Many people routinely allow their dogs to sleep in the same bed with them today.  Is this a good idea or not?  There are millions of dogs who sleep in the bed with their owners and it never results in a problem.  However, experienced dog trainers point out that in cases where a dog does begin to show aggression toward family members the dog almost invariably is sleeping in the owner’s bed.  In these cases, when the dog begins showing aggression toward family members, the dog MUST be kept out of the bed.

The reason for this is simple psychology.  You have to return to basics with your dog.  You have to remind your dog that he is a dog and you are the leader in your home.  Sleeping in the bed with you is a privilege.  It is not something that he, as a dog, is entitled to without your permission.

Along with removing his bed privileges you will need to take away other privileges from your dog to lower his status.  He will need to wait to eat until after you have eaten.  He should not enter rooms before you do, for example.  If your dog is showing signs of aggression to you and or other family members he is probably asserting himself over you in many small ways in the house.  You will need to reassert yourself.

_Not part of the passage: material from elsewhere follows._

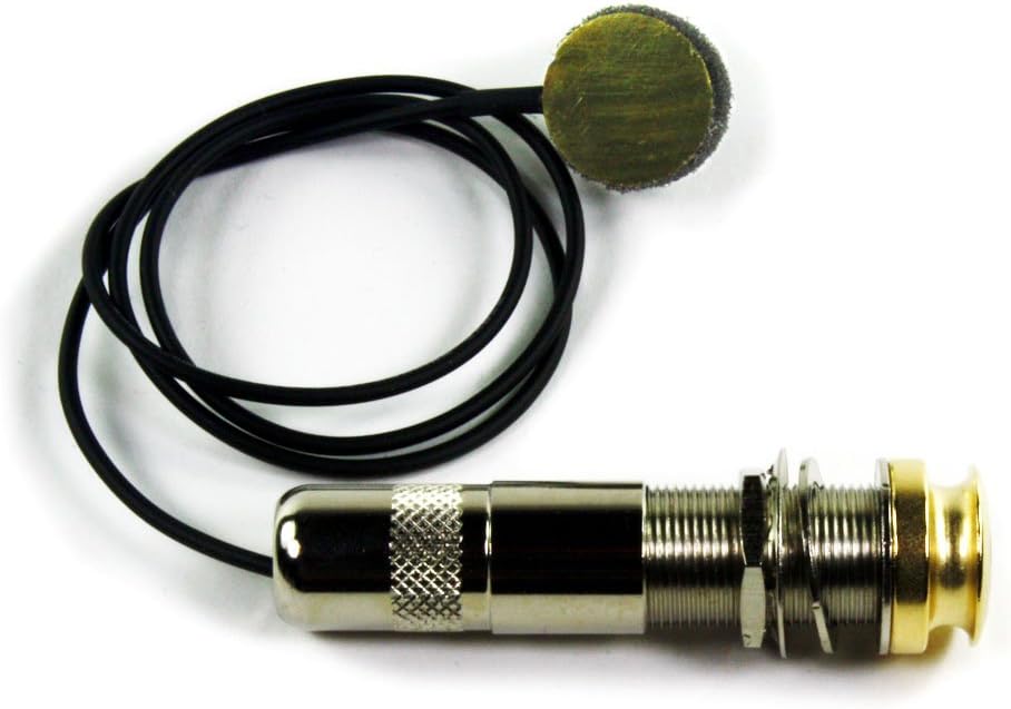The EP-01-JG is a small, light weight piezo sensor that is meant for one time installation on an instrument's soundboard. The pickup comes with 18" of shielded cable and is supplied with a chrome endpin jack and gold strap button. Since this unit is meant primarily for protected interior installations, the piezo element is not 'potted', but is instead covered with an acoustic foam pad. Due to the nature of the piezo and the fact that it is not a 'potted' unit, this pickup has great output and full response. No preamp is required. This pickup is not suggested for stage use. Specifications -- Sensor diameter: 0.59" (19/32", 15mm); Lead wire: approx 18" long; Soldering required.

Don’t try to force an issue in a way that could put you in any danger.  But in small ways, in interacting with your dog throughout the day, do things to remind him that you are in charge.  Teach your dog some obedience lessons.  Teach him to sit before feeding him.  Teach him to sit at the door before letting him go out.  All of these small lessons remind your dog that he is dependent on you for all the good things in his life.  They help you re-establish your authority.

Keep in mind that you should not try to take a toy or food away from your dog, especially if he is having problems with aggression.  Your dog may have issues with giving things up or with guarding things.

If you think that your dog’s aggression presents a danger or if making these small changes does not help, don’t hesitate to seek out a professional dog trainerAggression can be a serious problem and may need more help.

Remember, if your dog does begin to show aggression toward you or other family members make a bed for him on the floor or in his crate and do not let him sleep in your bed for the time being.  He will need to be reminded of his role in the household.  The mere physical position of him on the floor and you up higher, in the bed, makes your point.

There is no rule that says you have to allow your dog to sleep in your bed.  Many longtime, devoted dog owners have dog beds in their bedroom or have their dogs sleeping in crates in the house.  What’s most important is that you and your dog have a comfortable relationship that fits your lifestyle.